First, the circumstances of this case are distinguishable from those presented in Riegel. The central issue presented in that case was the removability of a third-party action that was severed from the original action in state court after remand but prior to a second removal to federal court. Id. at 937-38. In that case, the plaintiff filed his original complaint in state court, and then the defendant filed a third-party complaint against a third party for indemnity. Id. at 937. The third-party defendant then removed the entire case to federal court, where it was remanded back to state court. Id. At that point, the state court judge severed the third-party complaint from the original cause of action. Id. Again, the case was removed by the third-party defendant to federal court. Id. However, this time the federal court refused to remand the indemnity suit. Id. The Fifth Circuit upheld the district court's retention of the indemnity suit, finding that it did not have the effect of defeating the plaintiff's choice of forum and that the third-party defendant was just "as much a `defendant' as if an original action had been brought against him." Id. at 938.

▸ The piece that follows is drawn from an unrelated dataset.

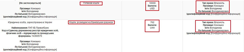 Единственное, чем владеет прокурор, согласно его декларации — это его личные сбережения. В собственности Владимира Комашко есть 10 тыс долл. наличных и 762 грн на счету в банке.
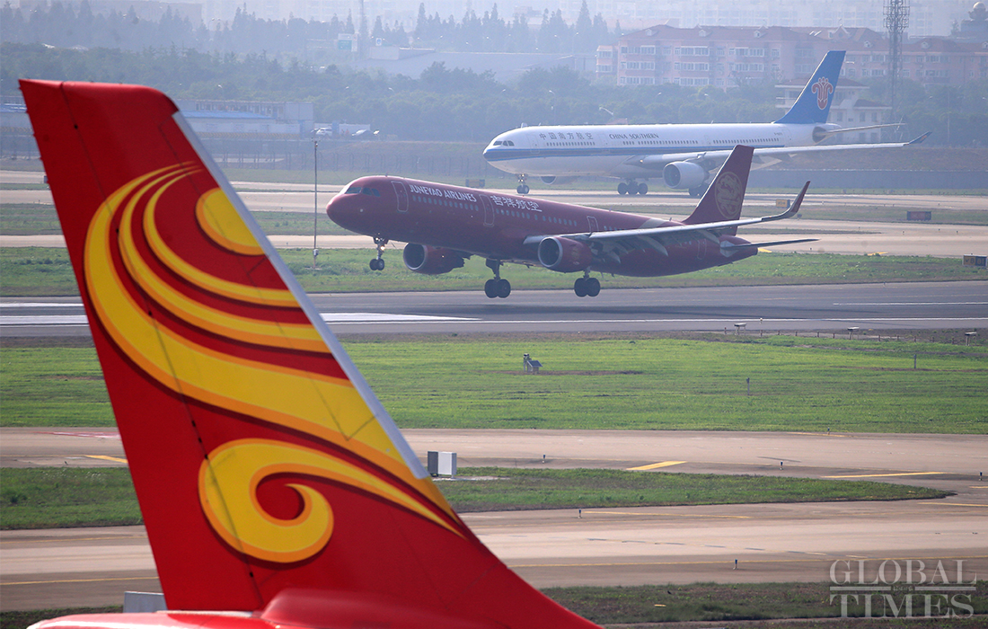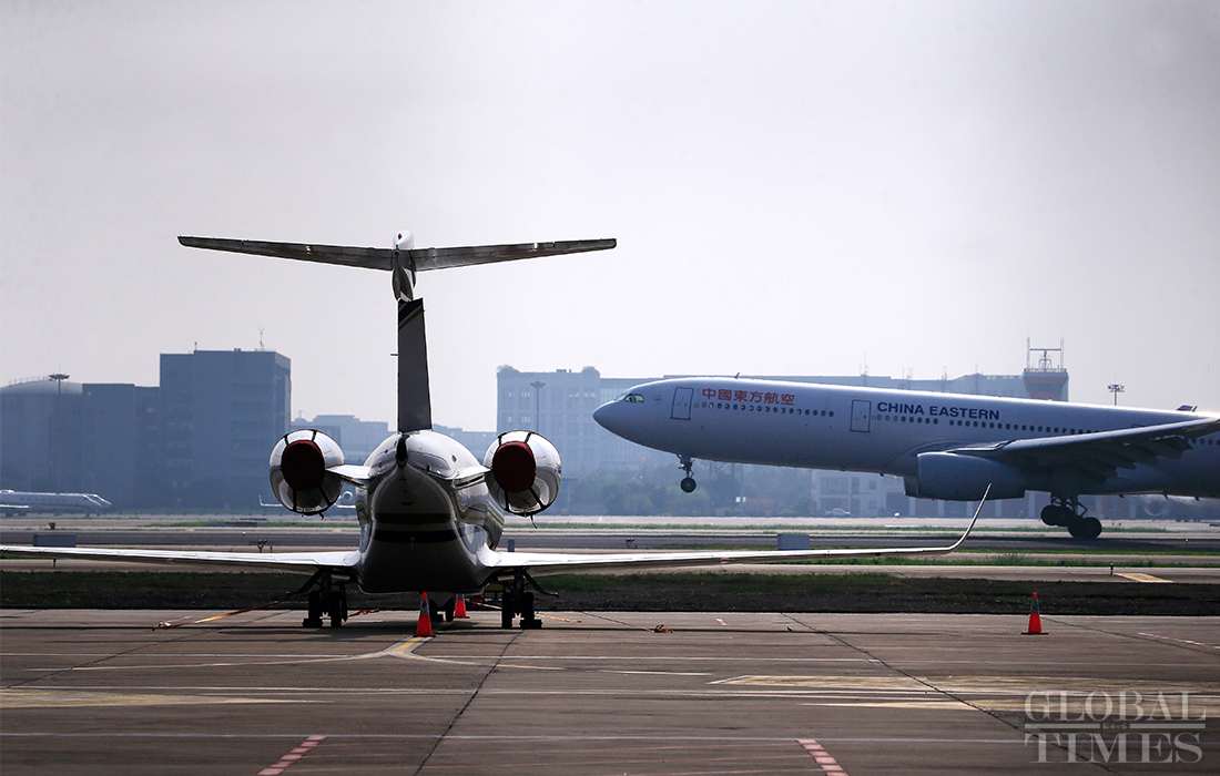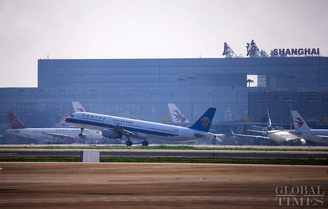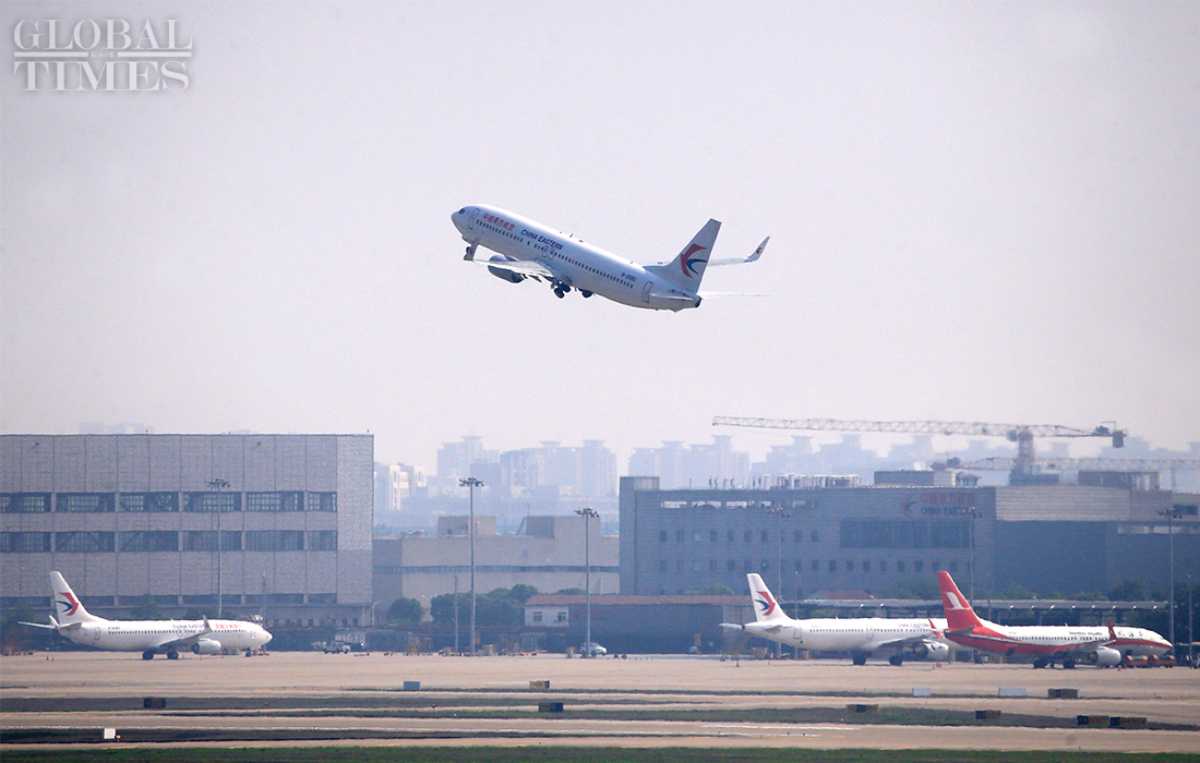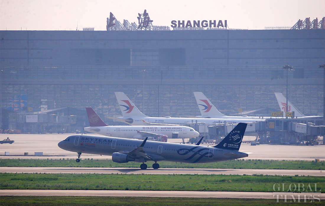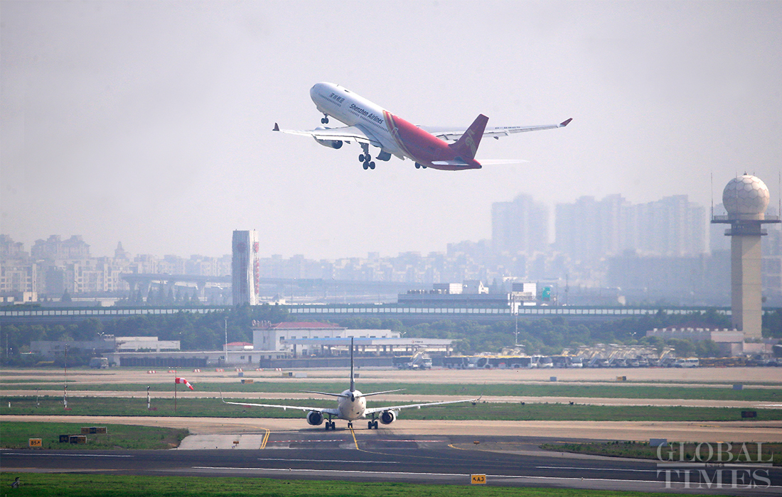 Photos show the busy Shanghai Hongqiao International Airport on Thursday. China's civil aviation regulator on Thursday moved to loosen international flight restrictions by allowing all qualified foreign airlines to resume services to China from Monday, to boost international travel and enable a faster economic recovery while continuing efforts to stem the arrival of imported coronavirus cases. Photos: Yan Hui/GT

The key fact of Riegel is that the removal by third-party defendants was proper only after the state court severed the third-party complaint from the original cause of action. Here, the Third-Party Plaintiffs' Complaint has not been severed from the original cause of action. Third-Party Defendants attempted to effectuate this same result by seeking to have this Court dismiss its original Interpleader and realign the parties, and it now argues that this would achieve the same result as a severance. The problem with this proposed solution is that it ignores the fact that this case was improperly removed in the first instance, and therefore, this Court has no jurisdiction to dismiss its Interpleader or to realign the parties. This Court must observe the technicalities of the statutes that both grant and withhold its jurisdiction to hear cases, and this Court is without jurisdiction to hear this case.
Avis is free to seek dismissal of its Interpleader and realignment of the parties in state court. Should the state court grant such motions, and should Avis become the actual defendant in this lawsuit, and if the case falls within the boundaries of federal subject matter jurisdiction, it will have the power to remove this case to federal court. However, at the present time it does not have such power under § 1441(a).
IV. Conclusion
Because this cause of action was improperly removed by Third-Party Defendant and this Court is without jurisdiction under 28 U.S.C. § 1441(a), this Court respectfully REMANDS this case to the 344th District Court, Chambers County, Texas. Each party is to bear its own taxable costs and expenses incurred herein to date.